This vision for the integrated development and management of the eastern Nile Basin is consistent in its substance and goals with the outlooks and mechanisms of the Nile Basin Initiative which established a special coordinating mechanism for the Blue Nile called the Eastern Nile Technical Regional Office (ENTRO). The regional cooperative vision also brings on board South Sudan with an eye to engaging in projects that help reduce water loss due to evaporation and transpiration, and promoting other development projects in the south that fall within the overall framework of the Nile Basin Initiative.

The proposed regional cooperation plan for the eastern Nile Valley is also consistent with the declaration of principles signed between Egyptian President Abdel-Fattah Al-Sisi, Sudanese President Omar Al-Bashir and Ethiopian Prime Minister Hailemariam Desalegn in Khartoum on 23 March 2016. The declaration affirmed the good will of the three parties and their desire to overcome all obstacles. President Al-Bashir, at the time, said that cooperation was “the only path to understanding between our peoples” and that “without cooperation we will forego the opportunity for a dignified life”. The Ethiopian prime minister stressed that GERD would not harm Egyptian interests while the Egyptian foreign minister held that the declaration of principles marked the beginning of greater political and technical cooperation between the three countries.

My proposed vision for regional cooperation in the eastern Nile Basin and Nile Basin countries in general is also consistent with the international trend to fund multipurpose projects that serve several countries at once. Since the outset of the Nile Basin Initiative, donor agencies have been looking forward to a consensus among the initiative’s countries. Unfortunately, only the Upper Nile Basin nations signed the Entebbe Agreement, effectively turning what should have been a comprehensive regional agreement into what might best be termed a quasi-regional agreement for cooperation between the upper riparian countries alone. As a result, it has been unable to attract the anticipated international investments and support from partners.

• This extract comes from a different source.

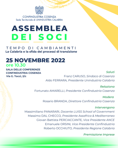 COSENZA “Tempo di cambiamenti. La Calabria e la sfida dei processi di transizione” è il tema scelto da Confindustria Cosenza, sede territoriale di Unindustria Calabria, per l’Assemblea annuale dei soci che si svolgerà, presso la propria sede in Via Tocci a Cosenza, il prossimo venerdì 25 novembre 2022, con inizio dei lavori alle 10:30. «In un momento contrassegnato da tante incertezze – sottolinea il presidente degli industriali cosentini Fortunato Amarelli – è necessario fare il punto su come affrontare in maniera efficace e proattiva i cambiamenti in atto. Riteniamo che la transizione ecologica, in uno con quella digitale, sociale ed economica, avrà un impatto diretto sulle scelte di cambiamento tanto nella pubblica amministrazione che nel sistema dell’imprenditoria privata e nella società in generale. Sarà importante prepararsi in maniera adeguata per riuscire a governare i processi con competenza e senso di responsabilità. Insieme ai rappresentanti delle istituzioni, del mondo della ricerca sociale ed economica e delle imprese, rifletteremo sugli scenari che si stanno delineando, provando ad immaginare ipotesi di governance economica a sostegno della crescita».

As we know, nature determines how the Nile Basin countries use their resources and how they set their priorities for development. While Egypt and Sudan are dependent on irrigation for agriculture, Ethiopia and Uganda are looking at developing their hydroelectric generating capacities while river transportation is of prime concern to other Nilotic countries, especially the landlocked ones such as Uganda, Burundi, Rwanda and Ethiopia. But for Egypt, the Nile is, above all, an existential issue. To Egypt, the Nile equals life. Therefore, at this crucial juncture in Egypt’s relations with other Nile Basin nations, and Ethiopia above all, we need to combine our diplomatic, parliamentary, legal and technical in an effort to formulate a solid Egyptian position on the question of the Nile waters. This position should attempt to conceive the best possible manner for dealing with GERD in the framework of a just formula for implementing a vision for just and sustainable development that takes into account the welfare of the three parties in accordance with established legal principles and that makes it possible to develop the Blue Nile valley to the advantage of all three states. The stance would simultaneously make it clear that Egypt is not opposed to any development project in the other states as long as it does not harm Egypt’s welfare.

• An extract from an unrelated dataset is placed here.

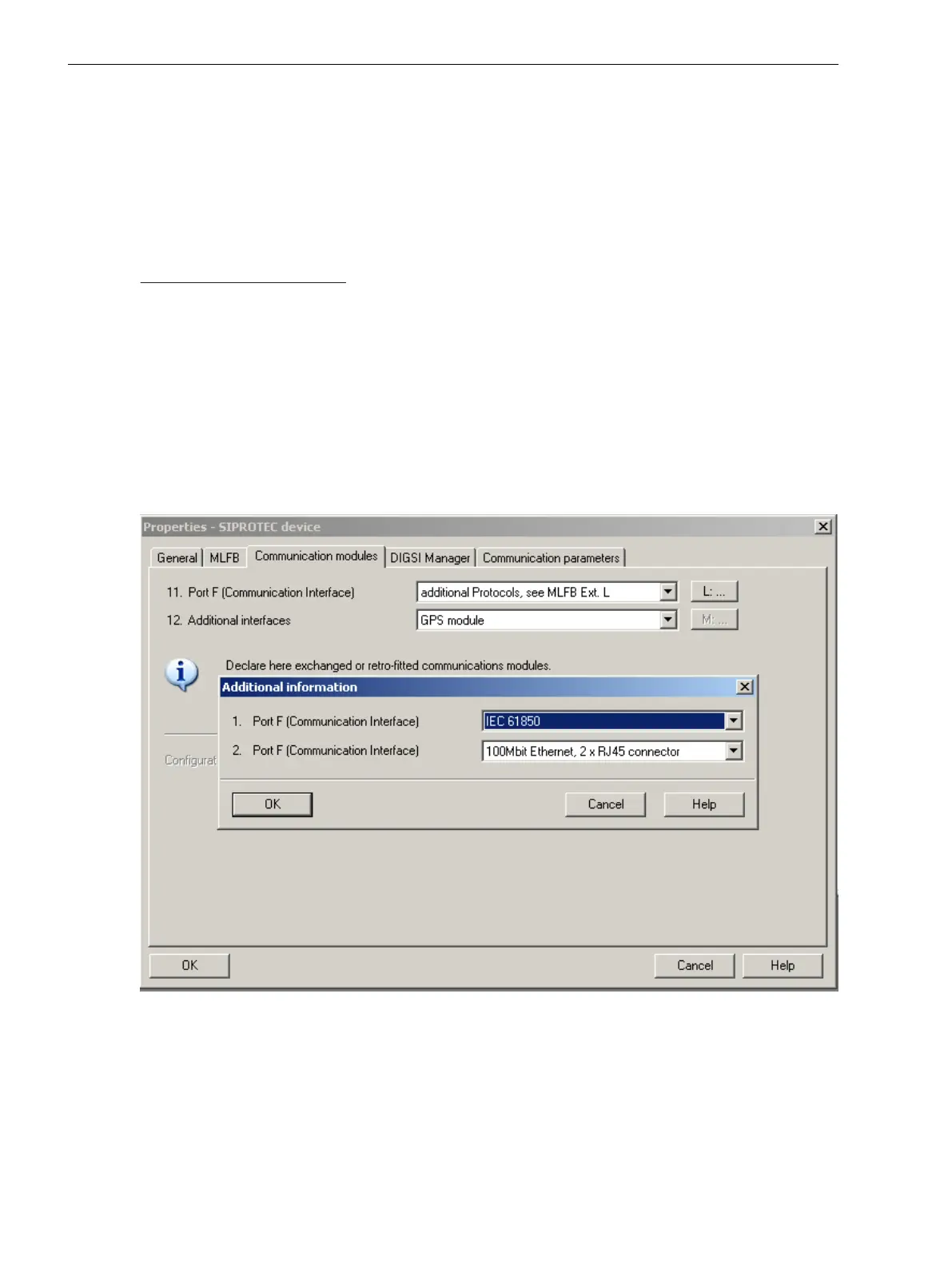 erties... to open the Properties - SIPROTEC 4 Device dialog box (see following figure ). In the Communica-

From this perspective, we need to work to overcome the current impasse on the technical track concerning GERD. Ethiopia and Sudan have objected to the preliminary report, one of the conclusions of which calls for two French companies to continue their studies on the dam’s environmental impact on Sudan and Egypt and to determine fair reservoir filling rates and schedules that would not harm the two downriver countries as well as fair water release rates that serve the interests of the downriver countries while enabling Ethiopia to generate electricity in accordance with the natural flow of the Blue Nile.

As much as possible, the same release rate would apply to Sudan’s Roseires Dam, which is situated on the Blue Nile before it converges with the White Nile in Khartoum, and to other Sudanese dams before the Nile reaches Egyptian borders. Thereby Sudan would remain committed to the provisions of the 1959 Nile Waters Agreement and the preservation of the current flow.

The Blue Nile water’s management scheme would provide for trilateral technical committees stationed at the various dams in order to supervise the agreed-upon system for coordinating the operations of the dams in the three countries and for overseeing the proposed development projects in the vicinities of the dams. The provisions would be laid out in a binding, technical and legal agreement, perhaps an expanded version of the 1959 agreement between Egypt and Sudan.

Through trilateral talks and consultations with the French consultancy firms, it might also be possible to work out a two-phase plan for filling the GERD reservoir. For example, the first phase would apply the rate that had been planned for the Ethiopian Border Dam, namely 14 billion m3. This rate, which had been proposed for the Border Dam by the US Bureau of Reclamation in 1964, would make it possible to control adverse effects and enable parties to gradually adjust to the water and environmental impacts. The second phase, which would commence several years later, could apply the method used with the Owen Dam in Ethiopia. That dam was constructed with Egyptian cooperation and funding in 1949-1953 and subsequently heightened in 1991 following consultations and an agreement with Egypt.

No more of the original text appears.